I'm having trouble wrapping my head around the concept of not being allowed to leave at lunchtime. Did this apply to the students who lived near the school? How do they even stop you or know what you're doing? What is even the point of this? Why do they care where you eat lunch?

I think the best freedom you have that I lack as a Canadian is the freedom to live in any climate. Our choices are between cold and extremely cold.

Not only is the idea of students leaving for lunch unheard of, but using devices was strictly limited until I got to high school. It was a revelation actually being able to use my iPod at lunchtime when I entered high school. Maybe it's different now.

And once you were old enough to drive, you could technically schedule your classes with free periods at least in my area and leave during those, although it's strongly discouraged to leave gaps in the schedule. In my senior year of high school I had a free period in the morning and got to sleep in part of the week, which was heaven for a night owl like me.

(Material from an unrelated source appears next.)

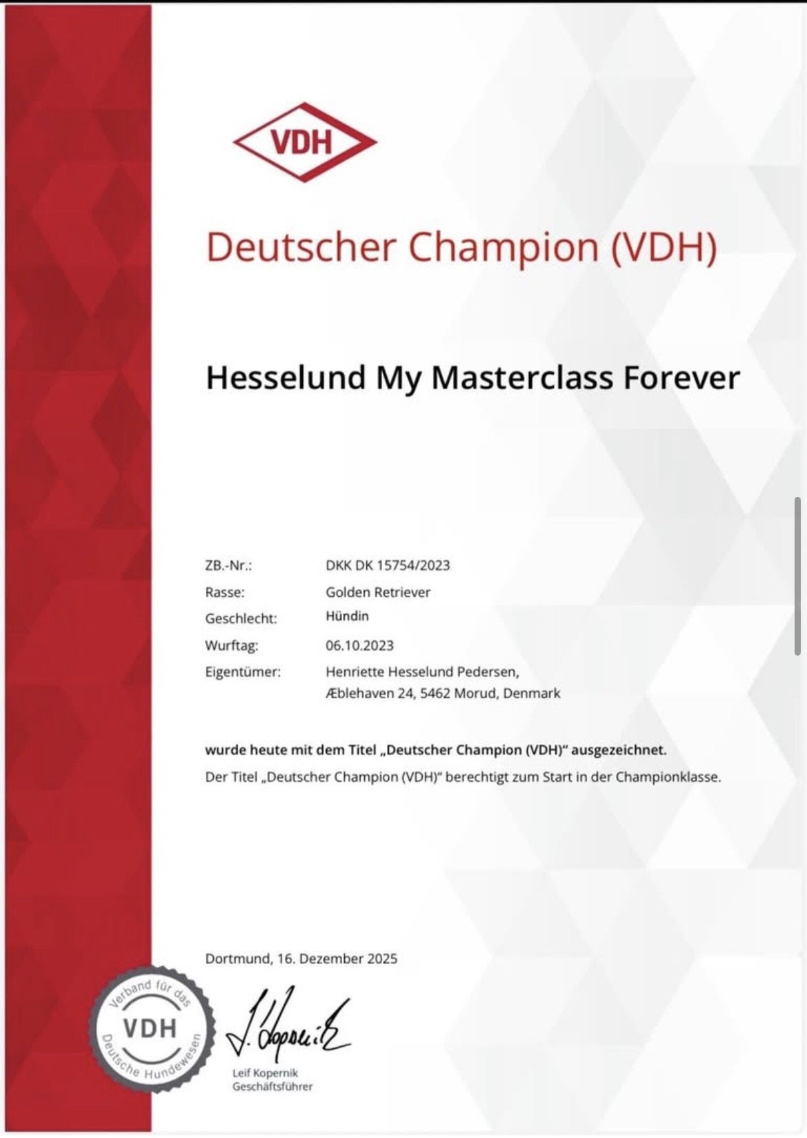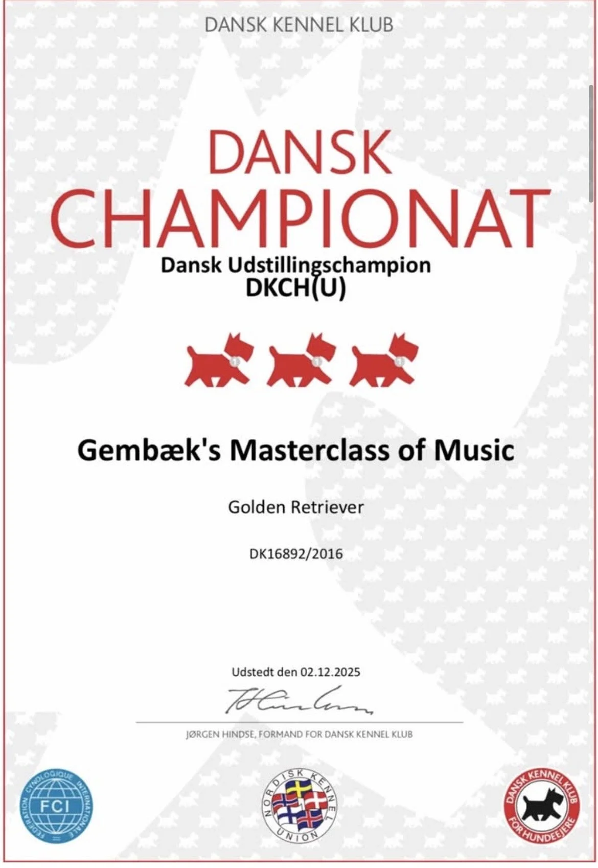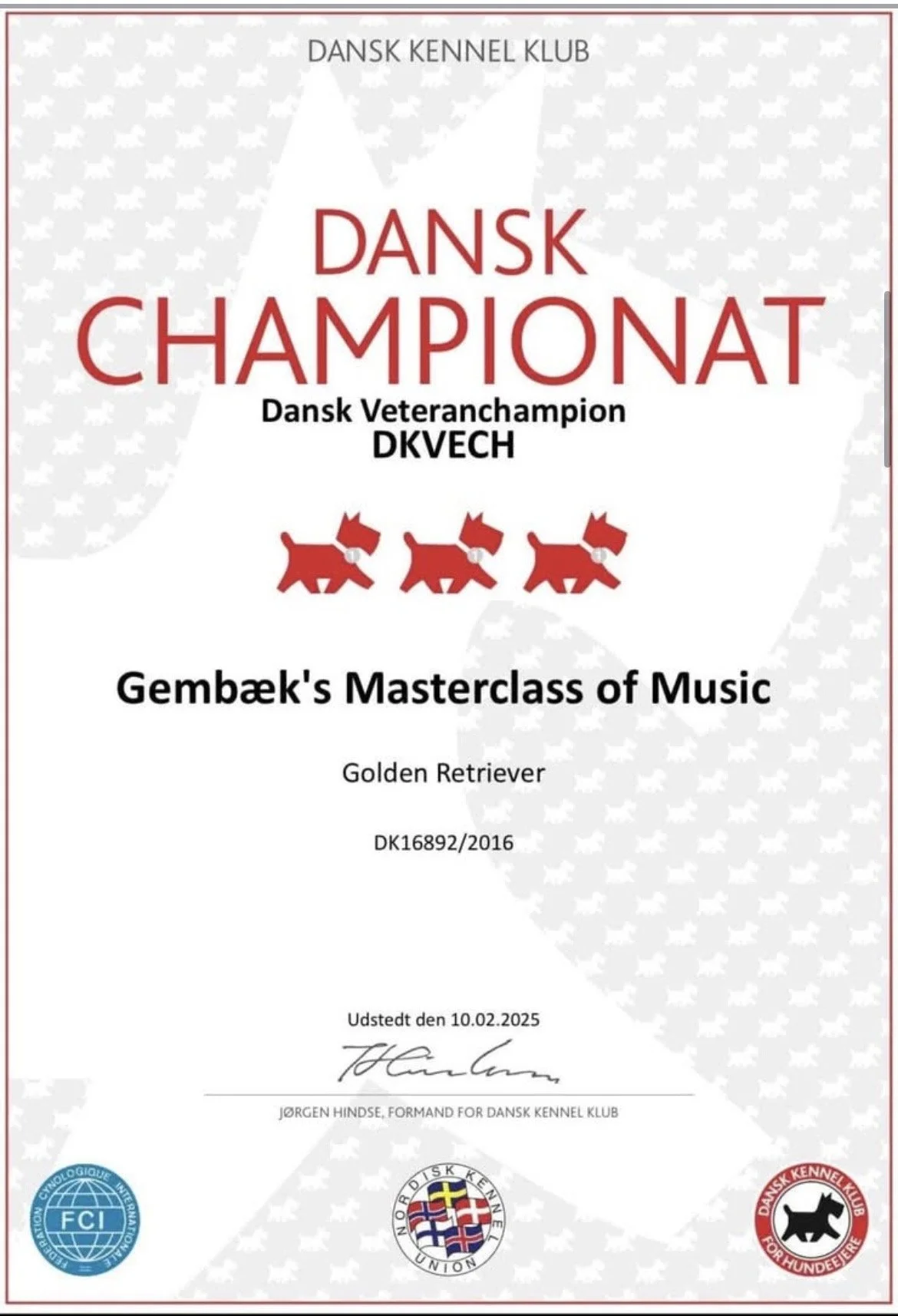 Wilson har opnået titlen Dansk Veteran Champion! Det blev fejret ved Dansk Kennel Klub udstillingen i Fredericia den 8. februar 2025.

Public schools are incredibly liability-averse and letting kids loose just isn't in their vocabulary. The US values freedom, but is terrified about children's safety to the point of neurosis. To some extent this reflects the safety profile of the US being different than Europe, to some extent it reflects the lower density and car-dependence of the US, to some extent it reflects our tortious legal system, but to a great extent I think it just reflects the neurotic substrate within American society.

How do they even stop you or know what you're doing?

Once the school day starts, almost no one is allowed in or out except in specific circumstances and those who are allowed have to be screened. In that way, schools are kind of run like airports.

Why do they care where you eat lunch?

They care because between the hours of 7am and 3pm, they're responsible for your welfare and if they let you leave and something happens to you, there might be civil or criminal liability. Parents would also be pissed, because the primary function of public schooling isn't education but daycare.

There's also the fact that if they let you out they'd also have to let you back in, and that opens a whole can of worms about random people strolling into the school or setting up a huge infrastructure to screen students returning from lunch.

Canada is a less litigious country than the US, and awards for successful lawsuits are much smaller and often capped by law. But there are still a lot of rules due to people being afraid of liability. But my high school's solution to that was that you were not allowed to hang around the school when you weren't in class. You were free to leave the property though and once you did, they were not responsible for anything that happened.

By the way, 7am? Wtf? Our school started at around 8:30 (in high school) or 9?

What do you mean when you say they screened people going in like an airport? Is there some kind of security or someone watching the door? We had nothing like that in high school. You could come and go freely and no one was tracking who was in the building. In elementary school, it was a little different, in that you'd line up once the bell rang and the teacher would escort you in, and then once inside, they'd take attendance.